Records supplied →
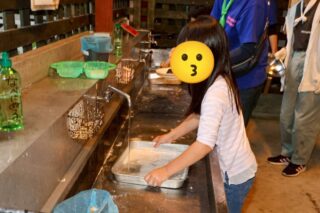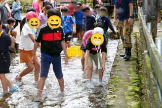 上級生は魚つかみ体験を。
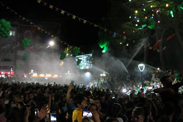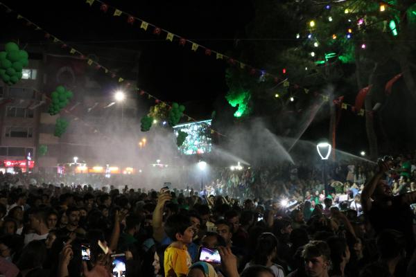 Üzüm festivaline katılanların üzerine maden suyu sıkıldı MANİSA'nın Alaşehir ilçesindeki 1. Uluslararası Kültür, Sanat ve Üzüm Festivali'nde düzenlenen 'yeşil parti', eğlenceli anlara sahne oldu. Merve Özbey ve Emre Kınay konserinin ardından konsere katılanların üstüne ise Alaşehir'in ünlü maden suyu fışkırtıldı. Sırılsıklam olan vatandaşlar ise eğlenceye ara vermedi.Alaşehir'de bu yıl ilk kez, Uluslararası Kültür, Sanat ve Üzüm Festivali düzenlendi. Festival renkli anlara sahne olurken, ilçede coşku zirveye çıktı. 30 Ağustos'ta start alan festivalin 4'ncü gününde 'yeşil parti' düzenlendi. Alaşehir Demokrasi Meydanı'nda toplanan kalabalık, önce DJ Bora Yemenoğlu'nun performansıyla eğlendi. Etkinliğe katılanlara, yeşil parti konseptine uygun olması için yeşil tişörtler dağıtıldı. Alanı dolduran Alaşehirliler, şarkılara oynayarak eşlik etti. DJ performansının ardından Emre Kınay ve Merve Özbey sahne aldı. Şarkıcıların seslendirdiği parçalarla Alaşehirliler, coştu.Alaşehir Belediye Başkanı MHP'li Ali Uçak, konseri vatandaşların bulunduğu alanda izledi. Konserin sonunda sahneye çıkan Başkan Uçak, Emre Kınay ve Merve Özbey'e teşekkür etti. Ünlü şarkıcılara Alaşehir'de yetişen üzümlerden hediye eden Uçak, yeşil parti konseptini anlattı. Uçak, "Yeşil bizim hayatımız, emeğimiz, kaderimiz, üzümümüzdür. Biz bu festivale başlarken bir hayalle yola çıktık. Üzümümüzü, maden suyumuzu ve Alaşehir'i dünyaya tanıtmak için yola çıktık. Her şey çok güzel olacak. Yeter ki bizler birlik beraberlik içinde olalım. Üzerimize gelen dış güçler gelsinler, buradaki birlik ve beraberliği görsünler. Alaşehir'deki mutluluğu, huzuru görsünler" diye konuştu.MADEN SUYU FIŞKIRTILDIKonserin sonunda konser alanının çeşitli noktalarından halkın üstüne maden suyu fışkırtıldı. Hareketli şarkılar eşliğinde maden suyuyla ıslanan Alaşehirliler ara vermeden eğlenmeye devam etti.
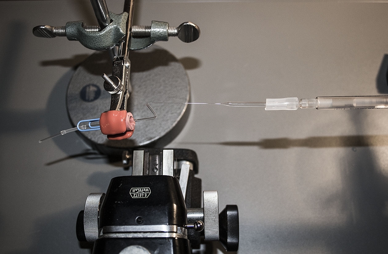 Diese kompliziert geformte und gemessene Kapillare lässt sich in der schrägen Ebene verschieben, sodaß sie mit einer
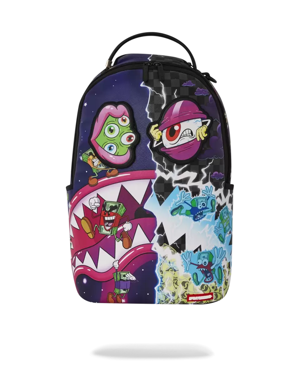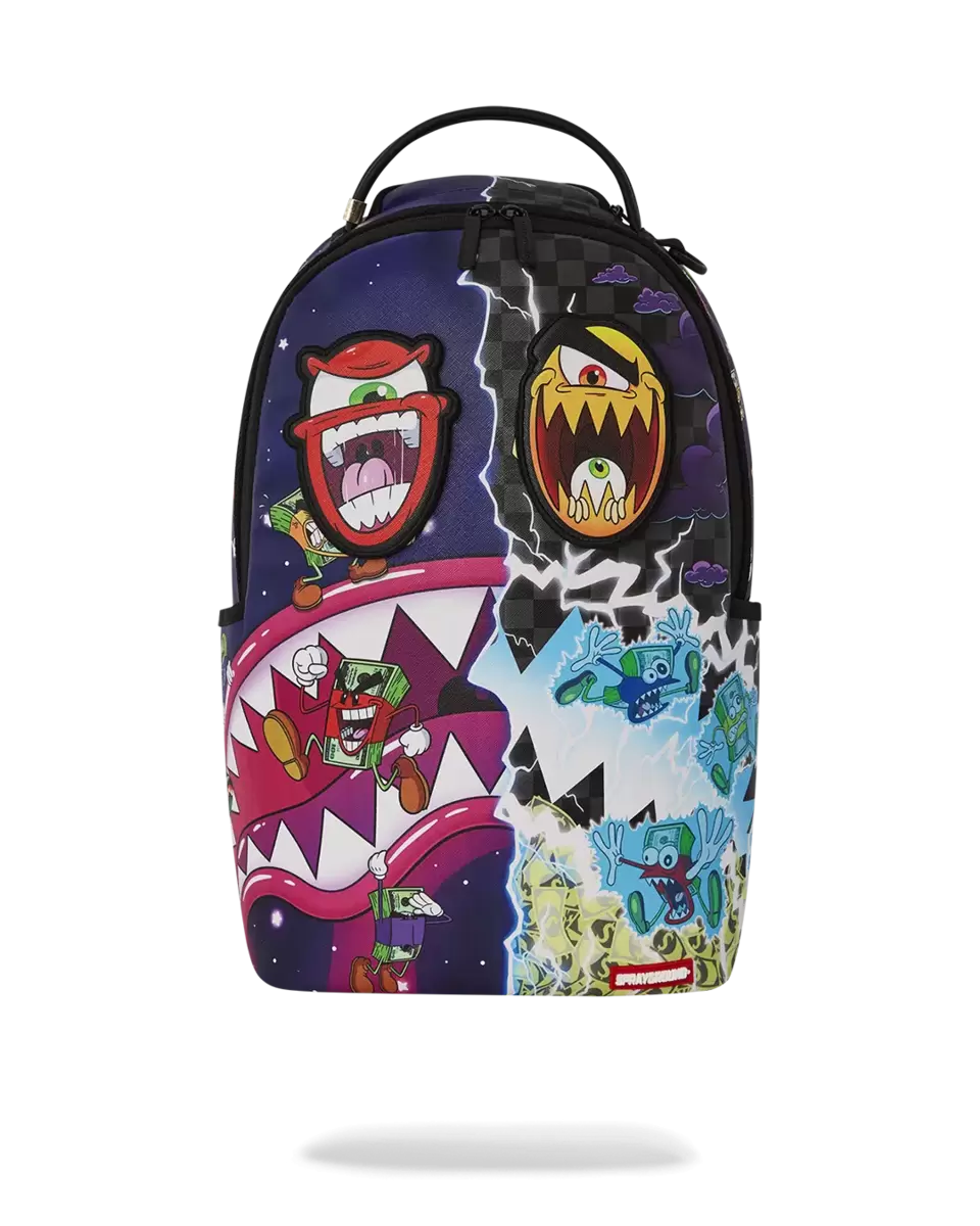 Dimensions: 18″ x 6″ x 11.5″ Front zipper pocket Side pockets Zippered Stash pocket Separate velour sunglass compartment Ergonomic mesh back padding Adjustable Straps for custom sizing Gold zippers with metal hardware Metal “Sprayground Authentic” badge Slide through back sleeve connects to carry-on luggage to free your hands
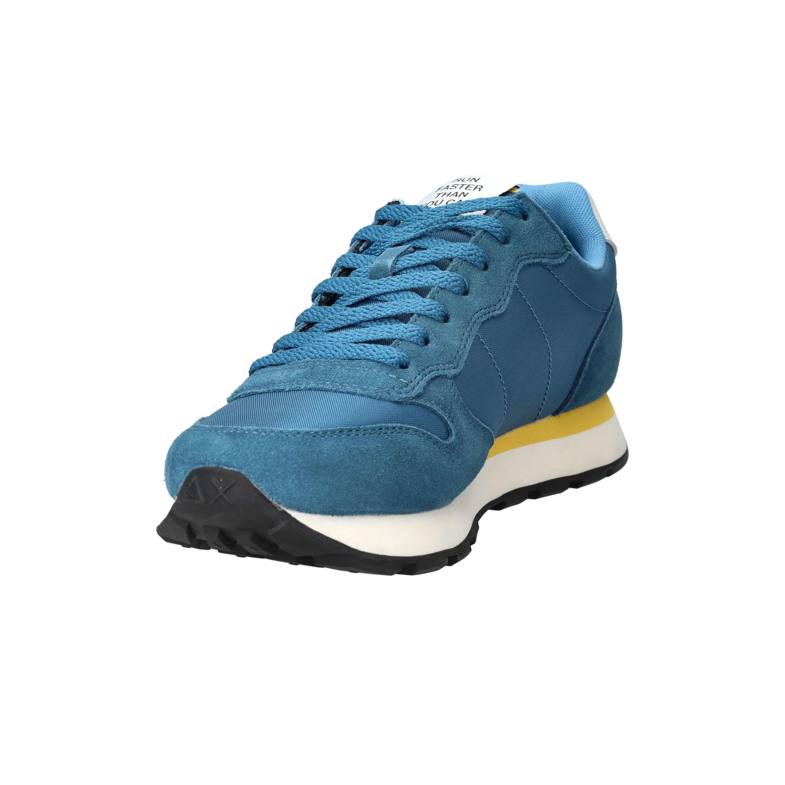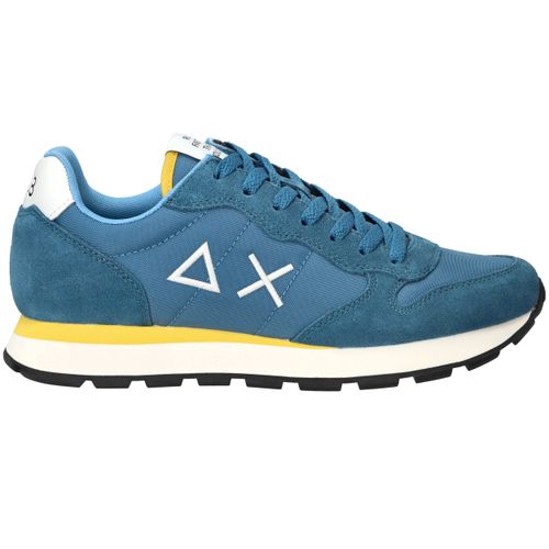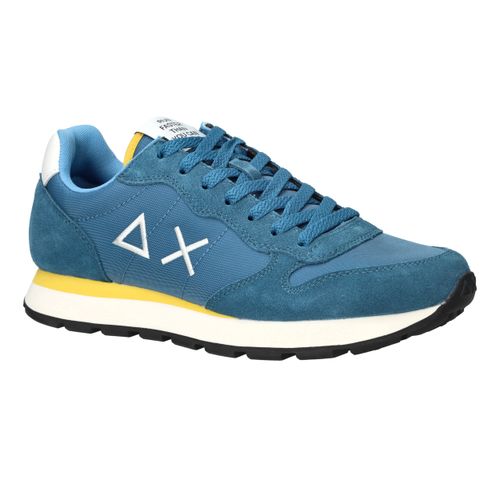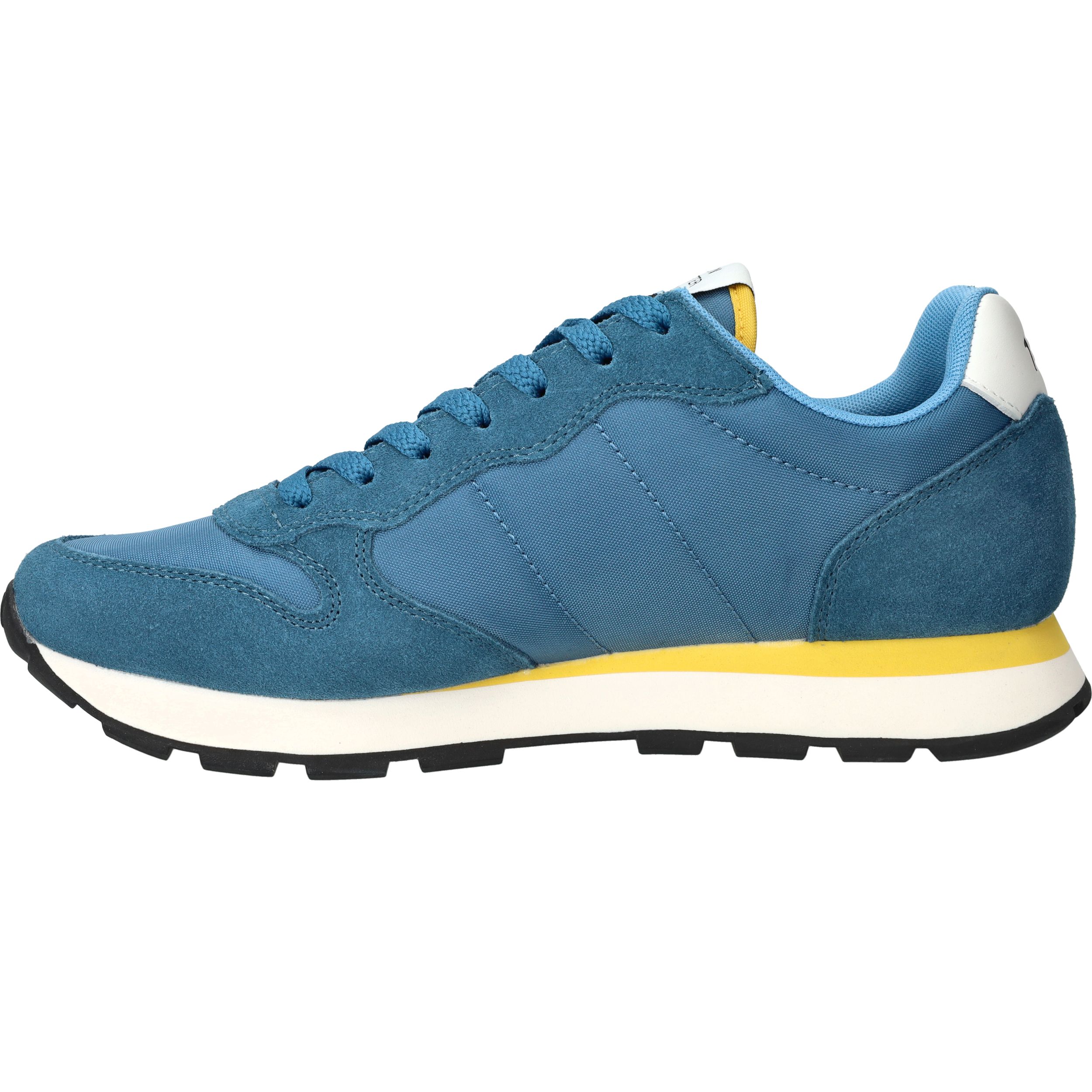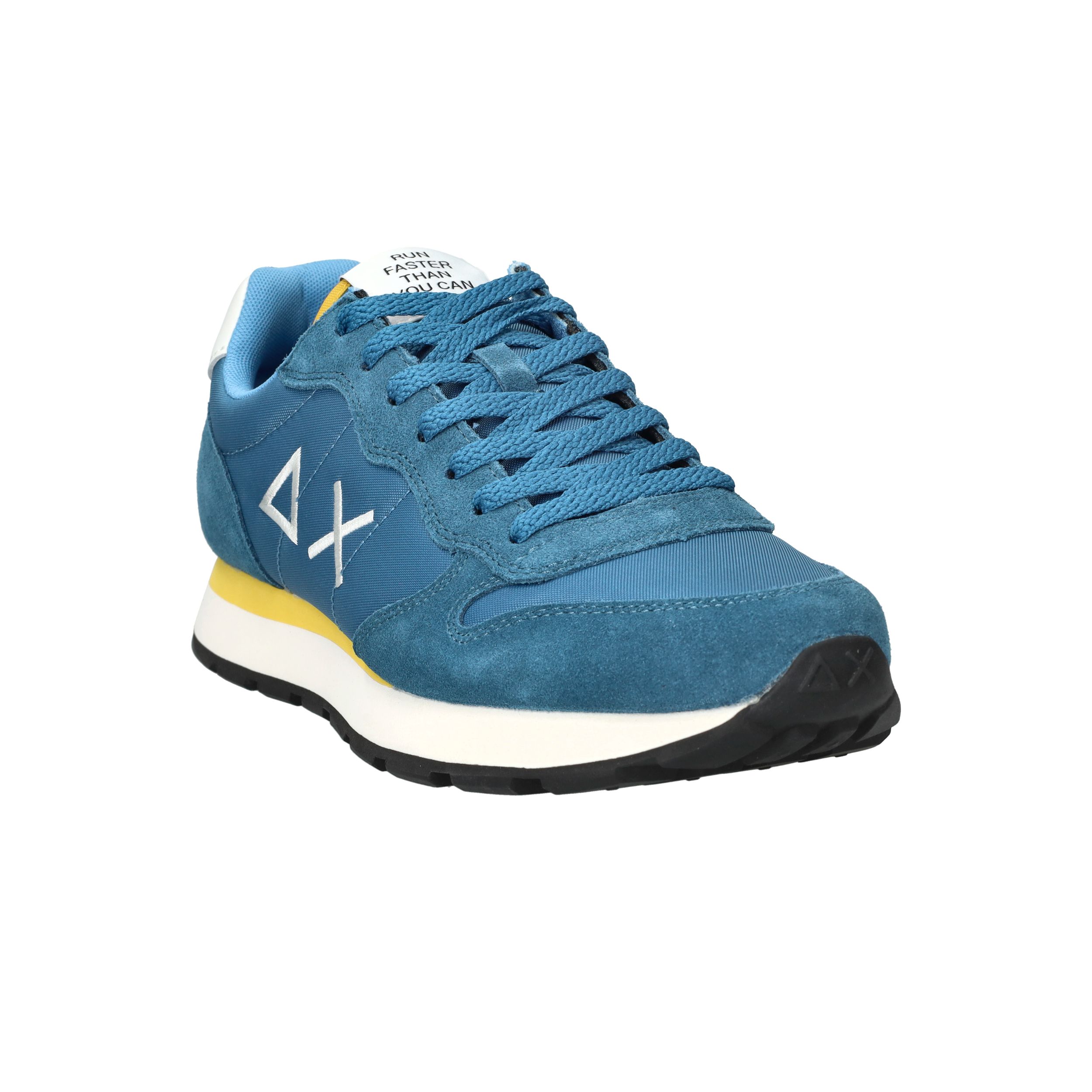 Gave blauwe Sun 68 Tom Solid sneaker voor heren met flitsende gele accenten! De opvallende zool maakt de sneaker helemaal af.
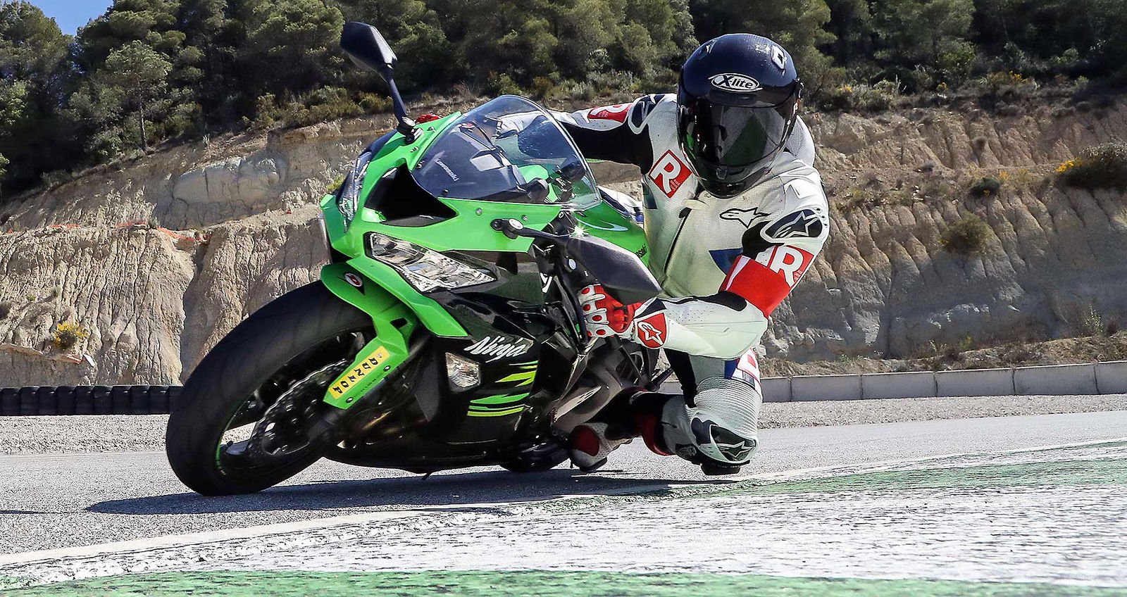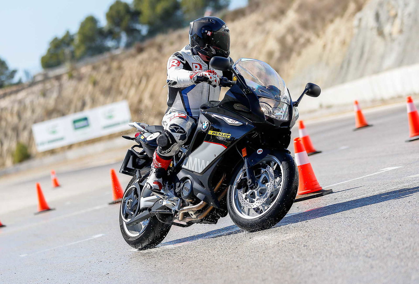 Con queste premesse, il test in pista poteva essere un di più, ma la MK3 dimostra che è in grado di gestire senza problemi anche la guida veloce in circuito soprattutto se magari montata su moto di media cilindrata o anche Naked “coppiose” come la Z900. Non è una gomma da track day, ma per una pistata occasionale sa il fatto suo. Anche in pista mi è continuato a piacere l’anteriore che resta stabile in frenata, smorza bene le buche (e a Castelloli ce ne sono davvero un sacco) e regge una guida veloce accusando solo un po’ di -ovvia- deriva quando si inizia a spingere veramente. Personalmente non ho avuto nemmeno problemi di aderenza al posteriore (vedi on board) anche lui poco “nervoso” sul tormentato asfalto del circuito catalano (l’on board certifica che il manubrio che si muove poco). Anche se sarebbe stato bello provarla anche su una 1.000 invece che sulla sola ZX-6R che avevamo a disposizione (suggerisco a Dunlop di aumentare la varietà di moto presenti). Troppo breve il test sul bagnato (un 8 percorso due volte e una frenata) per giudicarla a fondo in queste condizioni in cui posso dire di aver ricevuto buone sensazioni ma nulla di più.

What to work on →
Return the lines above from the one with "Dimensions: 18″ x" through the one with "Gave blauwe Sun", verbatim and nothing else. Omit every picture.

Result of this exercise →
 Dimensions: 18″ x 6″ x 11.5″ Front zipper pocket Side pockets Zippered Stash pocket Separate velour sunglass compartment Ergonomic mesh back padding Adjustable Straps for custom sizing Gold zippers with metal hardware Metal “Sprayground Authentic” badge Slide through back sleeve connects to carry-on luggage to free your hands
 Gave blauwe Sun 68 Tom Solid sneaker voor heren met flitsende gele accenten! De opvallende zool maakt de sneaker helemaal af.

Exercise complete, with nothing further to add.